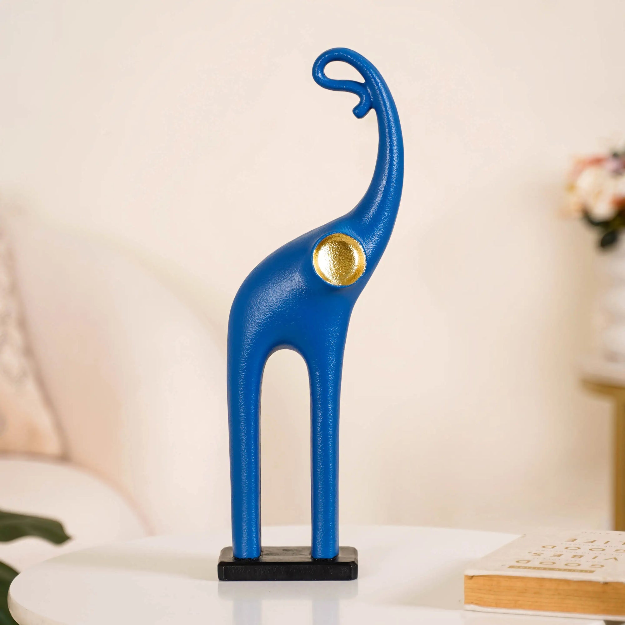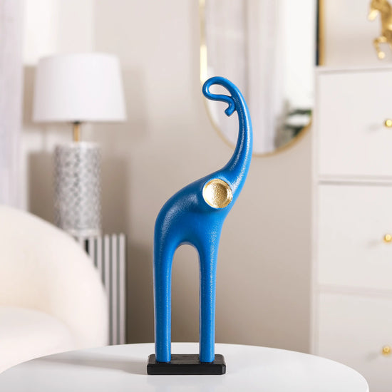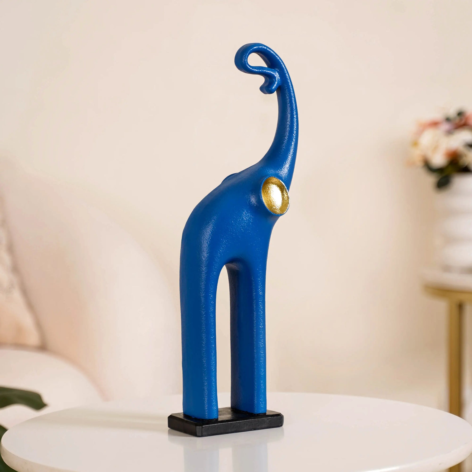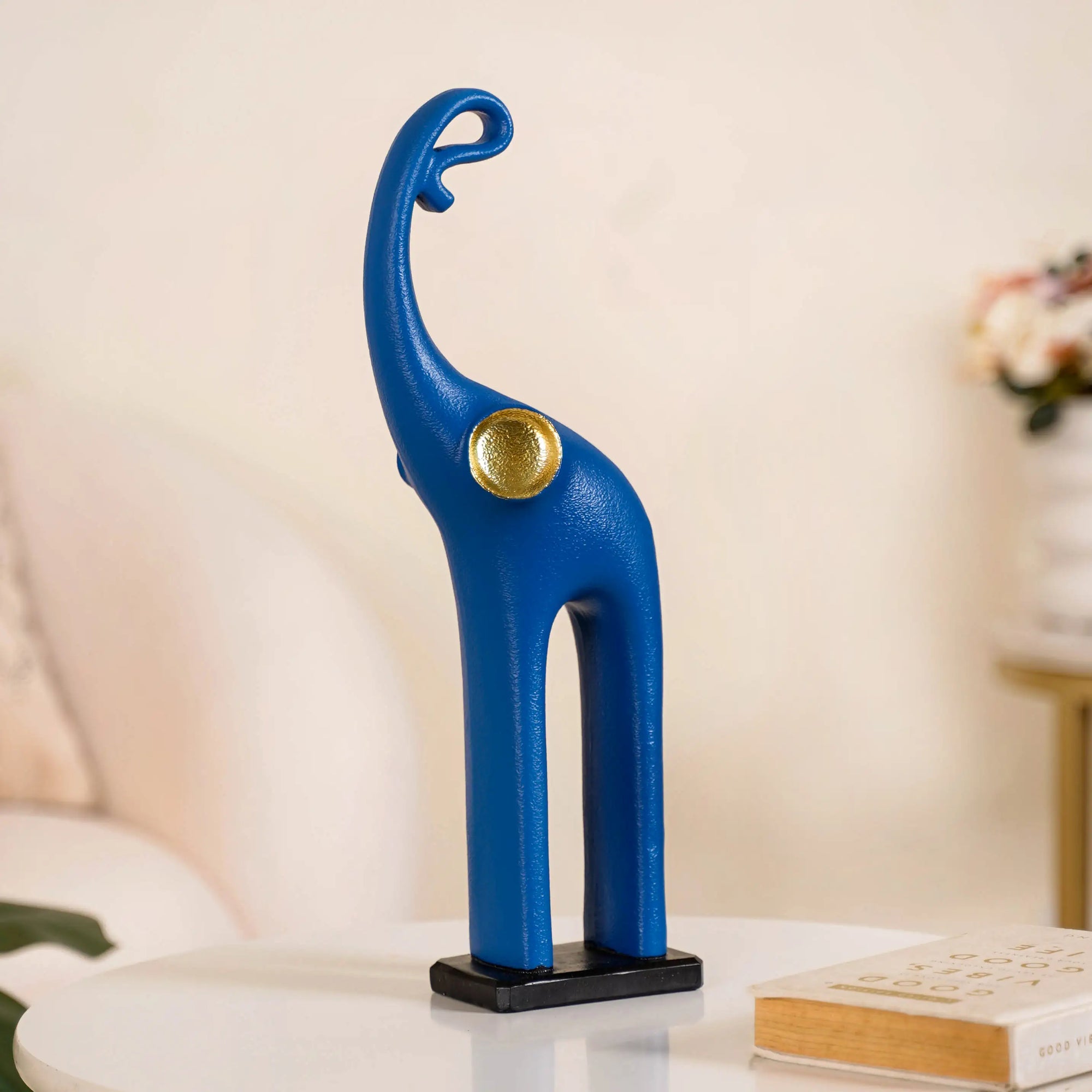 The elephant showpiece for decor stands out in home décor because of its distinctive fusion of contemporary aesthetics and symbolic elements. Crafted with meticulous attention to detail, this masterpiece features a stunning blue colour that symbolizes tranquillity and serenity, creating an immediate visual impact. The raised trunk of the elephant, representing good fortune and positivity, adds an auspicious touch to the decor. Its sleek, simple form perfectly portrays the grandeur of the elephant, and its sturdy construction from premium resin gives it a sophisticated look.
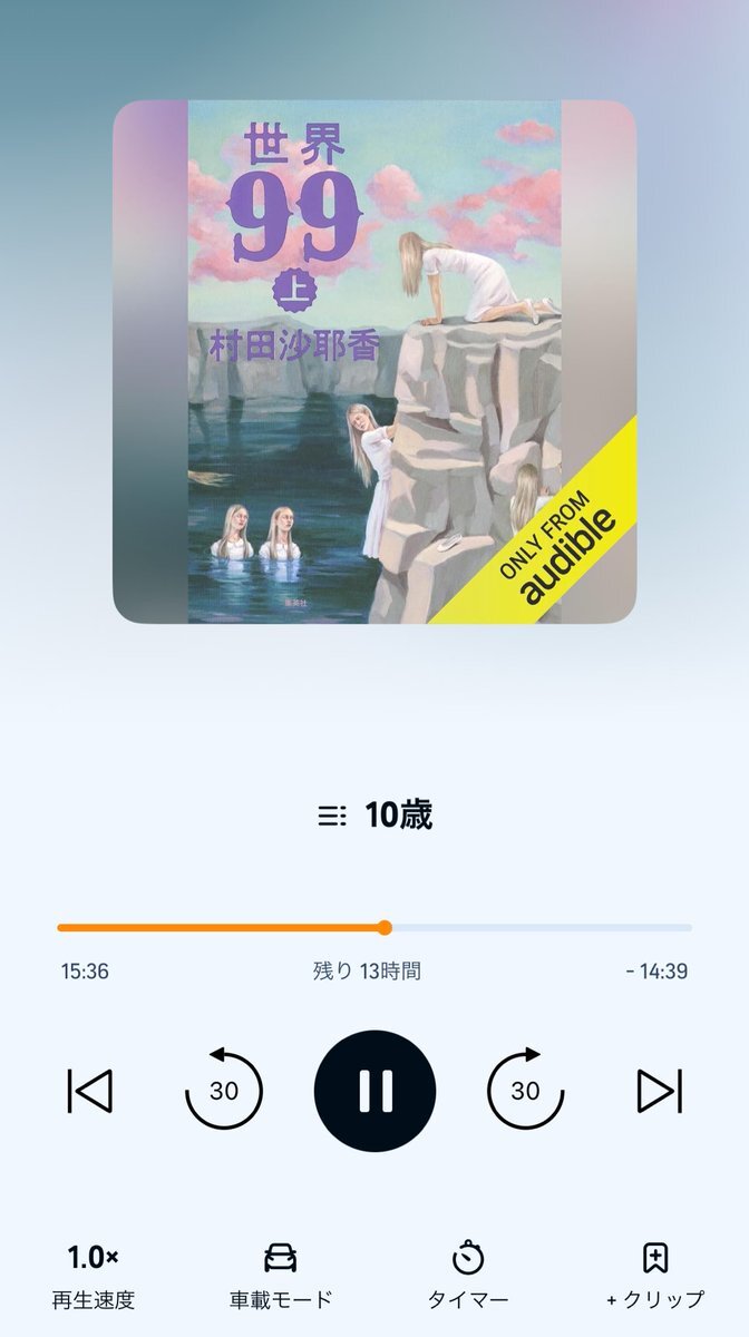 PR おお… なんとも読みにくい内容なのに、気づいたら続きが気になってる本。 村田沙耶香 『 世界99 』 第78回 野間文芸賞 受賞作🎖️ 👉amazon.co.jp/dp/B0FG23XZYG/… 大森ゆきさんのナレーションもいい👍 長編小説読むの大変だけど、耳で聴くと読みやすいよ🎧 #ad #村田沙耶香
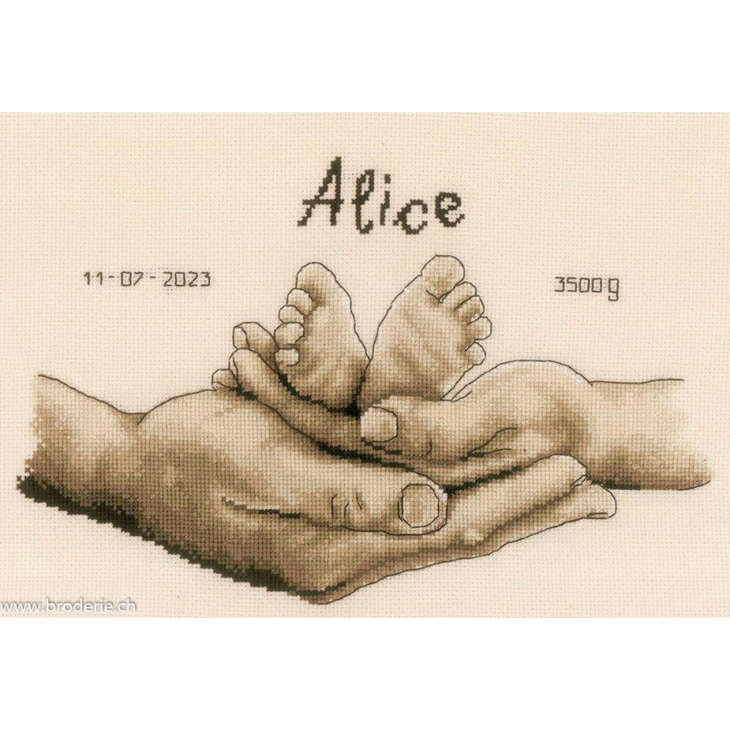 L'article 'Vervaco, Kit naissance Mains et pieds de bébé (PN0202331)' fait partie de notre assortiment depuis le 10 juin 2023. Vervaco est un fabricant belge de kits au point de croix, au point noué, aux points comptés, et propose aussi de sympathiques kits pour les enfants. Ils sont de réalisation relativement faciles : pas de quart de point, dessins et diagrammes très clairs, beaucoup de thèmes abordés (paysage , fleurs , mariage,et particulièrement kits de naissances, toises et Disney).
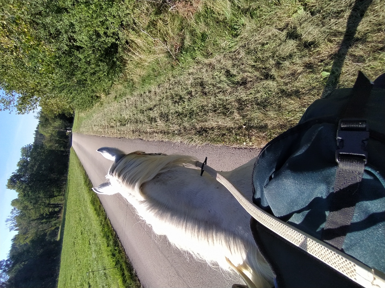 | Dire merci | Hier matin, je mets numerobis en écharpe, motivée pour marcher Naska en main. Je sors de chez moi et là je bug, Naska est du mauvais côté de la porte du pré donc à moitié sur la route 🙈 |
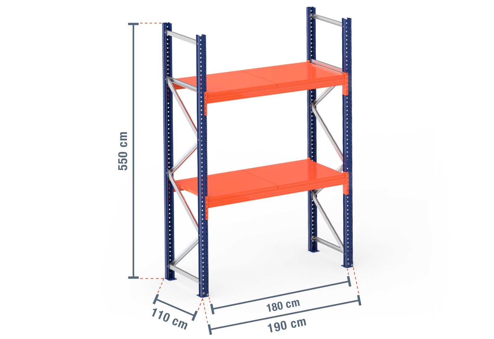 1,9 m Palettenregal PR9000 / 110 cm tief / 5,5 m hoch / 2 Ebenen / Auflage Stahl
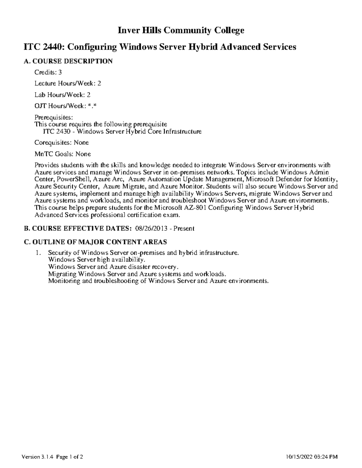 Course Outline Inver Hills Community College ITC 2440 Configuring
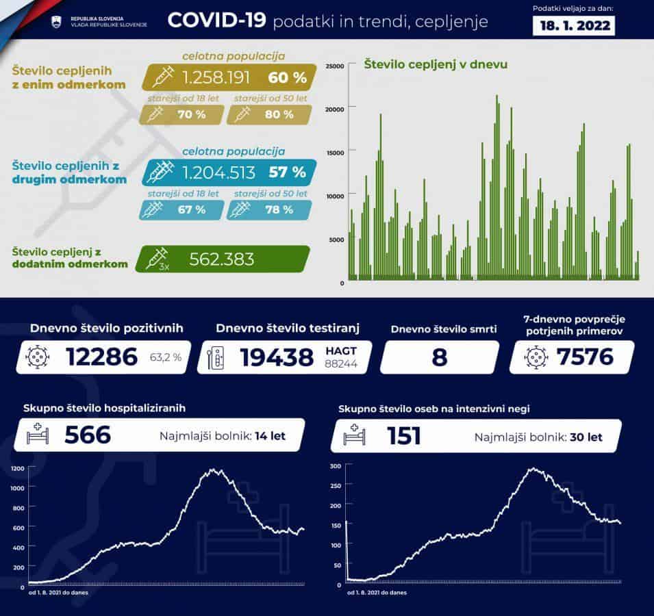 V torek so v Sloveniji ob opravljenih 19.438 PCR-testih potrdili 12.286 okužb z novim koronavirusom, dan pred tem so ob opravljenih 13.803 PCR-testih potrdili 8681 okužb. Delež pozitivnih PCR-testov je v torek znašal 63,2 odstotka, dan pred tem je bil 62,89–odstoten. Včeraj so opravili tudi 88.244 hitrih testov, katerih pozitivne rezultate preverjajo še s PCR-testi, dan pred tem 111.960.

★ ★ ★ ★ ★ ★ ★

WHAT IS BEING ASKED =>
Every record gets retyped exactly; no picture goes into the copy.

ANSWER AREA =>
 The elephant showpiece for decor stands out in home décor because of its distinctive fusion of contemporary aesthetics and symbolic elements. Crafted with meticulous attention to detail, this masterpiece features a stunning blue colour that symbolizes tranquillity and serenity, creating an immediate visual impact. The raised trunk of the elephant, representing good fortune and positivity, adds an auspicious touch to the decor. Its sleek, simple form perfectly portrays the grandeur of the elephant, and its sturdy construction from premium resin gives it a sophisticated look.
 PR おお… なんとも読みにくい内容なのに、気づいたら続きが気になってる本。 村田沙耶香 『 世界99 』 第78回 野間文芸賞 受賞作🎖️ 👉amazon.co.jp/dp/B0FG23XZYG/… 大森ゆきさんのナレーションもいい👍 長編小説読むの大変だけど、耳で聴くと読みやすいよ🎧 #ad #村田沙耶香
 L'article 'Vervaco, Kit naissance Mains et pieds de bébé (PN0202331)' fait partie de notre assortiment depuis le 10 juin 2023. Vervaco est un fabricant belge de kits au point de croix, au point noué, aux points comptés, et propose aussi de sympathiques kits pour les enfants. Ils sont de réalisation relativement faciles : pas de quart de point, dessins et diagrammes très clairs, beaucoup de thèmes abordés (paysage , fleurs , mariage,et particulièrement kits de naissances, toises et Disney).
 | Dire merci | Hier matin, je mets numerobis en écharpe, motivée pour marcher Naska en main. Je sors de chez moi et là je bug, Naska est du mauvais côté de la porte du pré donc à moitié sur la route 🙈 |
 1,9 m Palettenregal PR9000 / 110 cm tief / 5,5 m hoch / 2 Ebenen / Auflage Stahl
 Course Outline Inver Hills Community College ITC 2440 Configuring
 V torek so v Sloveniji ob opravljenih 19.438 PCR-testih potrdili 12.286 okužb z novim koronavirusom, dan pred tem so ob opravljenih 13.803 PCR-testih potrdili 8681 okužb. Delež pozitivnih PCR-testov je v torek znašal 63,2 odstotka, dan pred tem je bil 62,89–odstoten. Včeraj so opravili tudi 88.244 hitrih testov, katerih pozitivne rezultate preverjajo še s PCR-testi, dan pred tem 111.960.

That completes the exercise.